Bone Disease in Multiple Myeloma: Biologic and Clinical Implications

Abstract

Multiple Myeloma (MM) is a hematologic malignancy characterized by the proliferation of monoclonal plasma cells localized within the bone marrow. Bone disease with associated osteolytic lesions is a hallmark of MM and develops in the majority of MM patients.
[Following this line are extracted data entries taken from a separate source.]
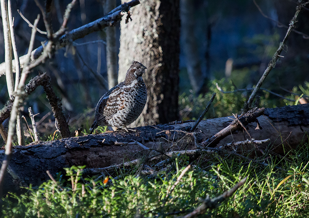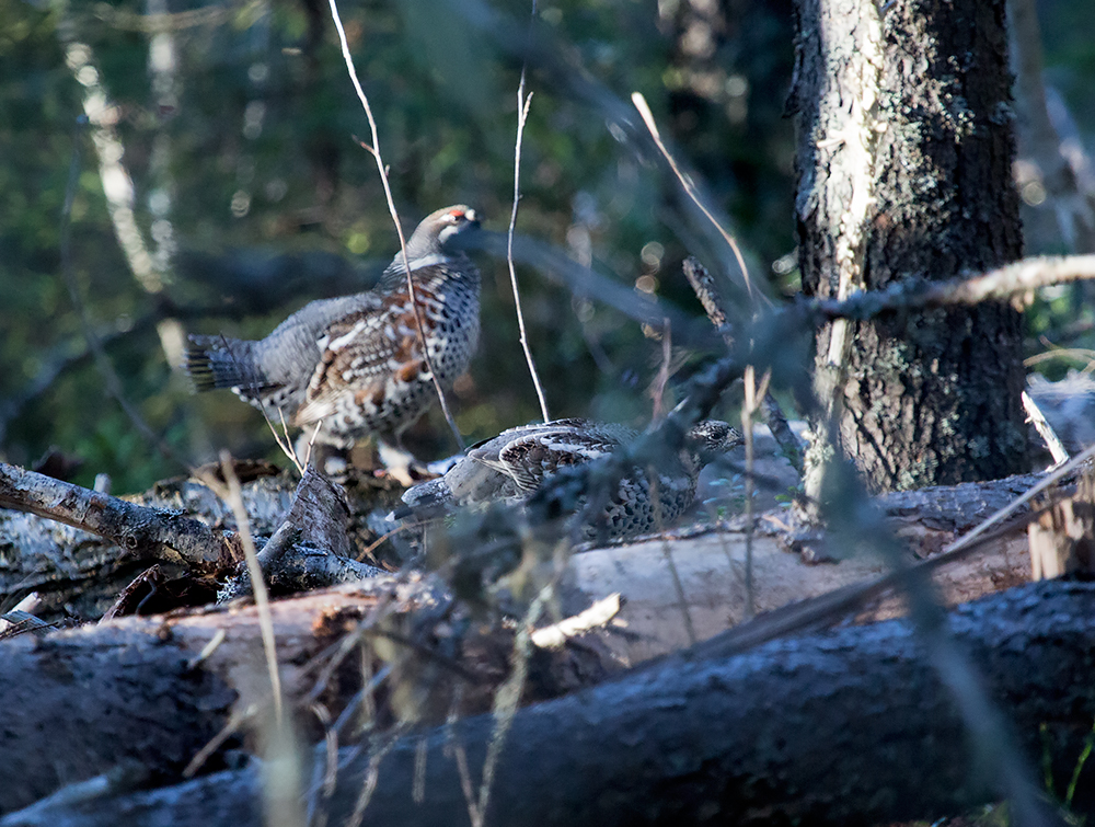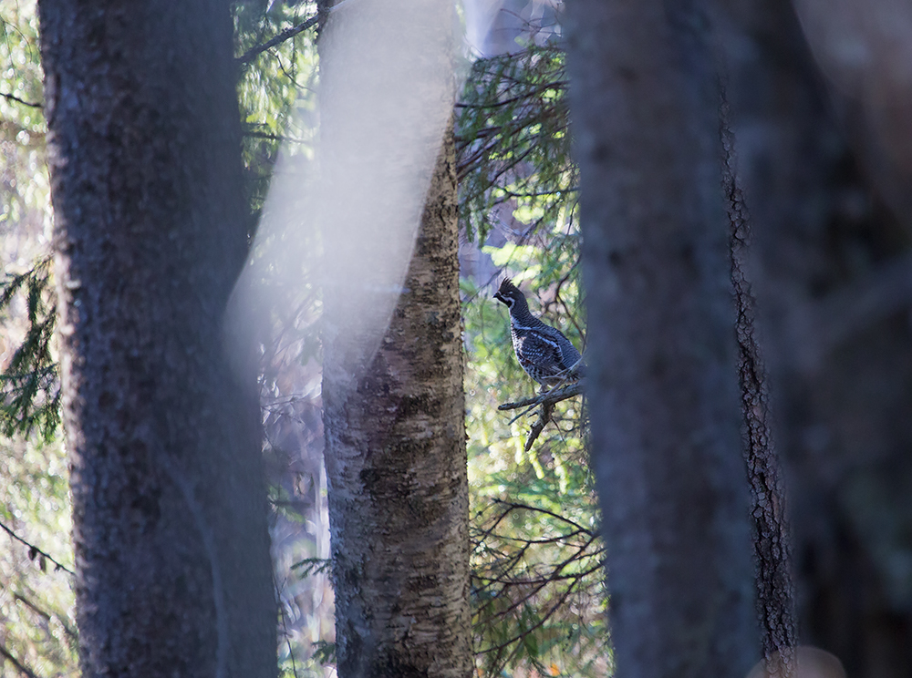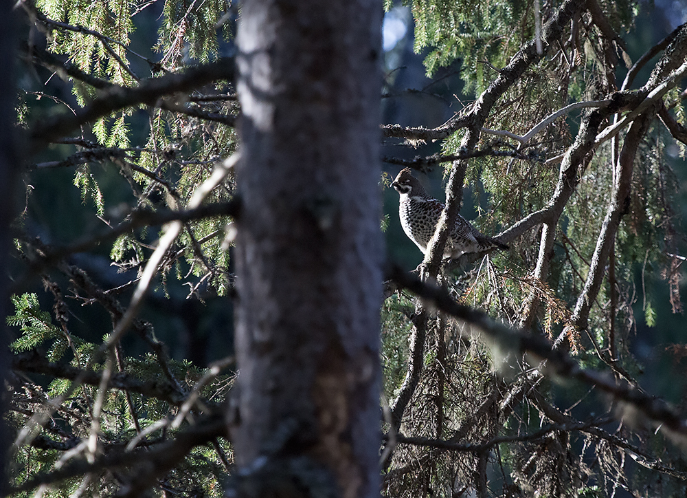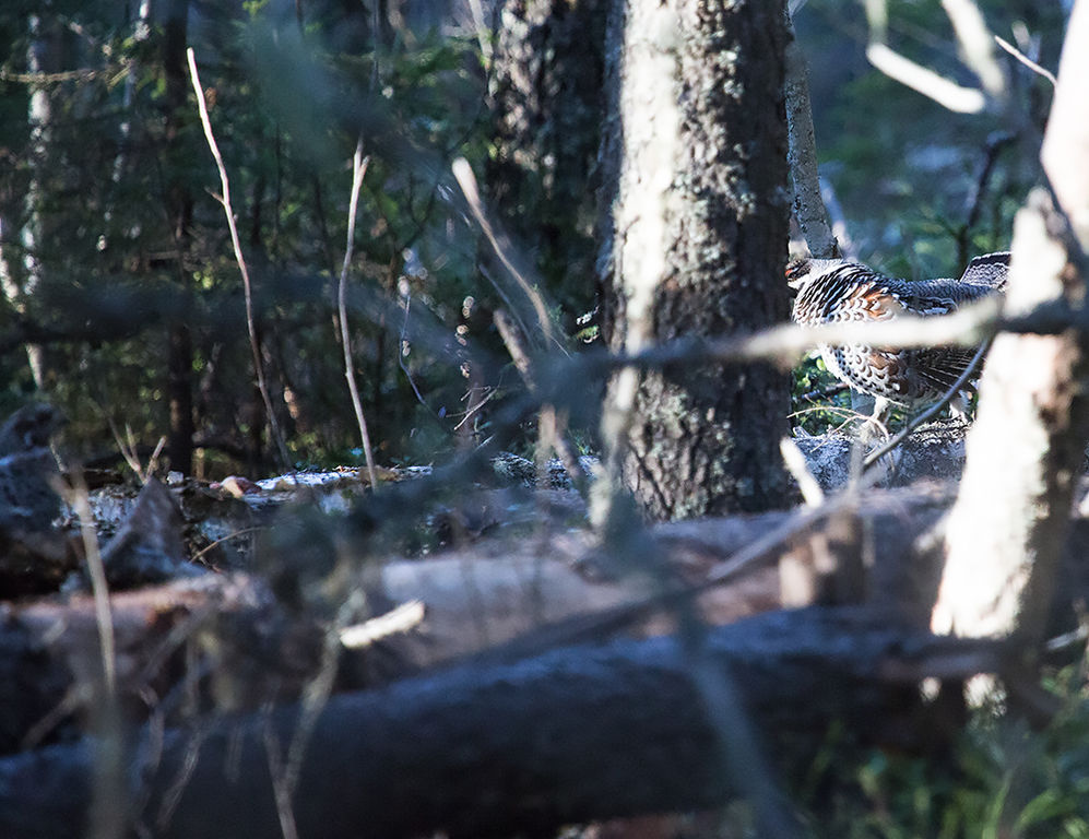 Пока я медленно хожу за рябчиком, которые медленно облетает меня, чтобы изучить - к нам подлетает еще один рябчик. Но сидит где-то высоко в густых ветвях и его не видно. Красота, но когда же будет фото сессия? В момент этих моих мыслей один из рябчиков вылетает на открытое место. Щелкаю камерой.
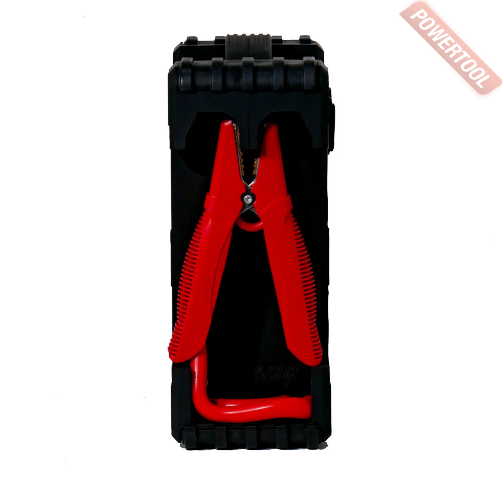 Автономное пусковое устройство для автомобилей с 24 В аккумулятором, пиковый пусковой ток 3000 А, рабочий пусковой ток 1500 А, внутренний LiPo аккумулятор емкостью 64 Ач, время зарядки 8 ч, напражение сети 220 В, дисплей, функция Power Bank, два USB-выхода 5В/2А, 5В/1А, порт 12В для питания раций или навигатров, два разъём прикуривателя DC, разъем зарядки встроенной батареи 18 В/2А, LED фонарь, размеры 278x274x110 мм, вес 5 кг, сетевой адаптер, автомобильный адаптер, USB кабель 3в1, силовые кабели, ремень-фиксатор, кейс.
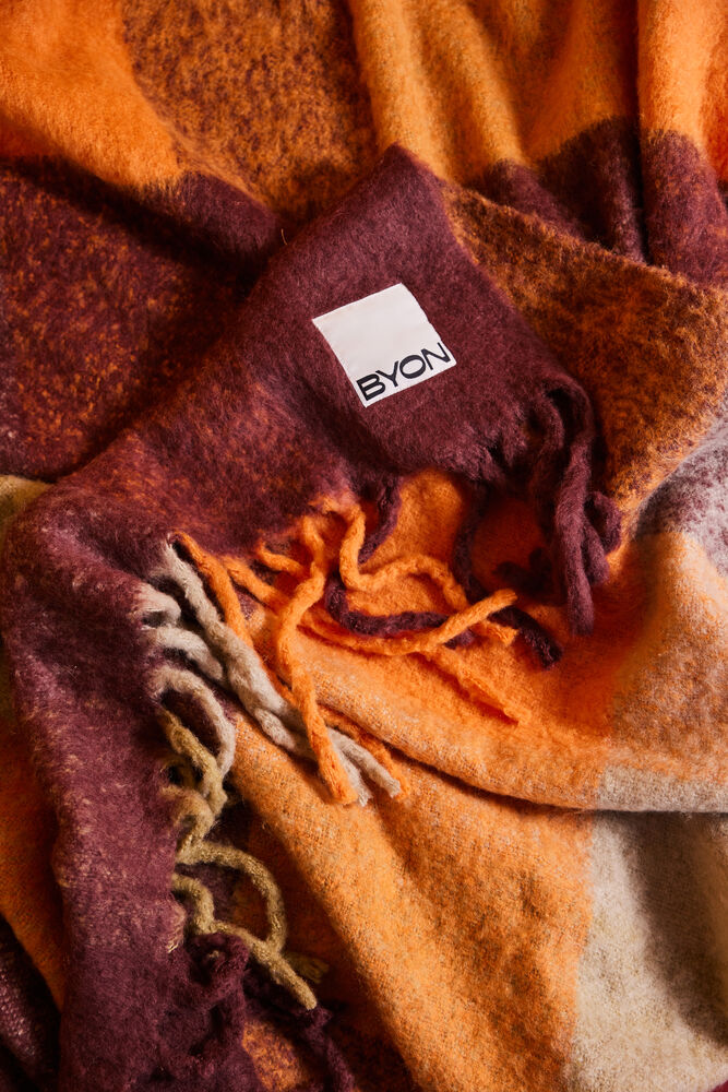 Ruten som vi elsker har tatt sin plass i dette pleddet som vi kanskje elsker enda mer. Check-teppet er som en stor, varm klem som du aldri vil gi slipp på. Tilgjengelig i to fargekombinasjoner: blandet beige og blandet oransje. Størrelse 150×125 cm. Leveres med hangtag
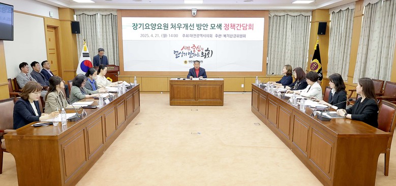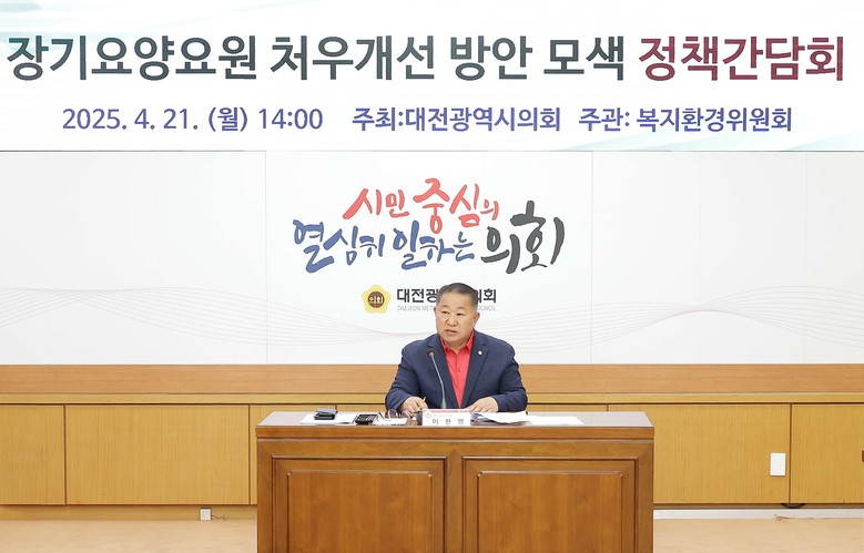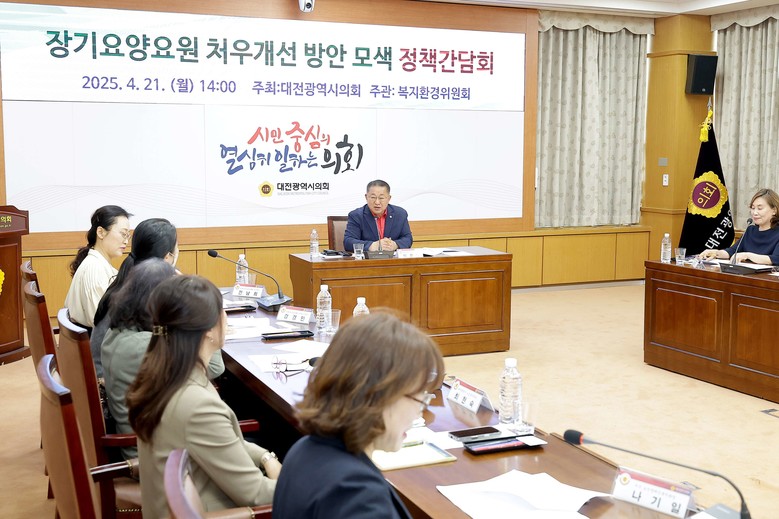 [대전 세계타임즈=이채봉 기자] 대전시의회 복지환경위원회가 21일 시의회 소통실에서 이한영 의원(국민의힘, 서구6)을 좌장으로 ‘장기요양요원 처우개선 방안 모색 정책간담회’를 개최하고 대전광역시 노인복지 서비스 수준을 높이기 위한 장기요양요원의 복지증진 및 지위향상 방안 마련에 나섰다.

Approximately half of patients with bone disease will experience skeletal-related events (SREs), such as spinal cord compression and pathologic fractures, which increase the risk of mortality by 20-40%. At the cellular level, bone disease results from a tumor-cell-driven imbalance between osteoclast bone resorption and osteoblast bone formation, thereby creating a favorable cellular environment for bone resorption. The use of osteoclast inhibitory therapies with bisphosphonates, such as zoledronic acid and the RANKL inhibitor denosumab, have been shown to delay and lower the risk of SREs, as well as the need for surgery or radiation therapy to treat severe bone complications. This review outlines our current understanding of the molecular underpinnings of bone disease, available therapeutic options, and highlights recent advances in the management of MM-related bone disease.

Keywords: bisphosphonates: zoledronic acid; bone metastasis; denosumab; multiple myeloma.

Figure 1

An overview of the interplay between multiple myeloma (MM) cells, osteoclasts, and osteoblasts in multiple myeloma, which favors bone resorption. MM cells induce IL−6 and DKK1 cytokine upregulation in osteoblasts, which, in effect, upregulates the osteoclast-activating protein, RANKL, while downregulating the anti-resorptive protein, osteoprotegerin (OPG). OPG binds and inhibits RANKL, while MM cells also agonize IL−3 and sclerostin productions. Denosumab directly inhibits RANKL while bisphosphonates (BPs) (i.e., clodronate, pamidronate, and zoledronic acid) inhibit osteoclasts and osteoclast precursors to prevent osteoclast-induced bone resorption. Created with BioRender.com (accessed on 7 May 2022).